When a category has been designated with even just a single page, MediaWiki generates an index page for the category and the page(s) are organized alphabetically by title.
Whenever a page has been assigned to a category, MediaWiki will generate a link to the category index, which is always displayed at the bottom of the page. If an article page belongs to more than one category (often the case), a link to each category index will be visible.
You don't have to have a category already existing before you can add a page to it. You can actually associate a page to a new category, thereby creating the new category in the process.
Note: When adding category tags to a page (to effectively categorize the page), you should always add them to the bottom of the page. This is because even though category tags used for indexation do not appear where you put them when the page is saved, they are still there in the code and take up space. They are also subject to be accidently edited by other authors if it's not clear where they are at. As such, a good convention is to always keep them at the bottom of the page, which is consistent with how MediaWiki displays them anyway.
[edit] Subcategorization (Nesting Categories)
Category tags can also be added to other category index pages, thereby creating subcategories. The direction to which you add categories might seem a little backwards at first, but basically you add the category tag that will be the parent category to the index page of the child category.
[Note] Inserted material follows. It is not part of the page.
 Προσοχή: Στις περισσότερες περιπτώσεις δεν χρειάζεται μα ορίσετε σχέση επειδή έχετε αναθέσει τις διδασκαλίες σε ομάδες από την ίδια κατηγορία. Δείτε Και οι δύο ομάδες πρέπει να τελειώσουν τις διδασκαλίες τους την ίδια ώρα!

This tells the child category index that is should appear as a subcategory link option in the parent category index.
For example, let's say you have three categories -- Fruit, Berries and Melons -- and you want Berries and Melons to be subcategories of Fruit. At the bottom of the Berries and Melons category pages you would add the following tag: [[category:Fruit]]. Links to the Berries and Melons categories would then appear in the Fruit category as subcategory options. As long as all associated fruit pages (Blueberries, Strawberries, Watermelon, Casaba, etc.) were tagged accordingly, everthing falls into place nicely.
[edit] As Inline Links to Category Indexes
You can force a category tag to appear inline and function just like a normal page link. This is useful if you are referring to a particular category index and want to provide a convenient link to it in context.
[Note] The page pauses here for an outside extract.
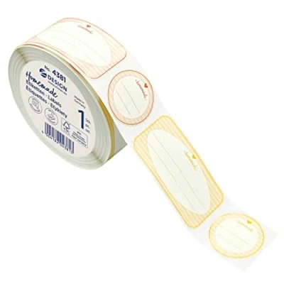 600 high-quality stickers "Homemade" on a roll in 3 designs, two shapes each, particularly handy to use - ideal for writing on handmade items for Christmas, weddings, birthdays and much more.) Stylish stickers for decorating gifts, homemade items such as jam, chutneys, biscuits, liqueurs, preserves, party favours, as labels for storage and much more. Refined, high-quality paper material in pastel look in lovingly coordinated designs - the round and square stickers are perfect for decorating glasses, storage containers and much more. Made in Germany - produced at the climate-neutral location in Upper Bavaria - greenhouse gas emissions balanced by certified climate protection projects Environmentally friendly product: FSC certified sticker material from responsibly managed forests

To force a category tag to function as a visible link, simply add a colon (:) to the front of the namespace. For example:
-
[[:category:Category Name]].
Note this also removes the function of adding the page to the category, so if you want to add the page to the category and show the link in another instance somewhere in the page, you need to add the category tag twice, once conventionally and once as a forced link.
[edit] Strategic Use as Wiki Navigation
If a wiki project is approached early on with the idea of using categories to organize wiki content into sections (as if it was a regular web site), then it's easy to think of using the category nesting technique as the hierarchical depth of the structure, and the first-level categories would be the links provided under the navigation list in the left column. A user would click one of those links, arrive at the category index page and see content for that topic, and could follow deeper level categories as necessary.
Effectively you have a structure like below which is well-suited to a typical site navigation model:
Category L1
- Category L2
- Page
- Page
- etc
- Category L2
- Page
- Page
- etc
Category L1
- Category L2
- Page
- etc
- Category L2
Category L1
- Category L2
- Category L2
Since every page associated to a category has a link to that category at the bottom of the page, it's easy to navigate back up the structure. Additionally, for small groups of pages, custom navigation templates can be used to provide additional navigation lists to traverse pages horizontally.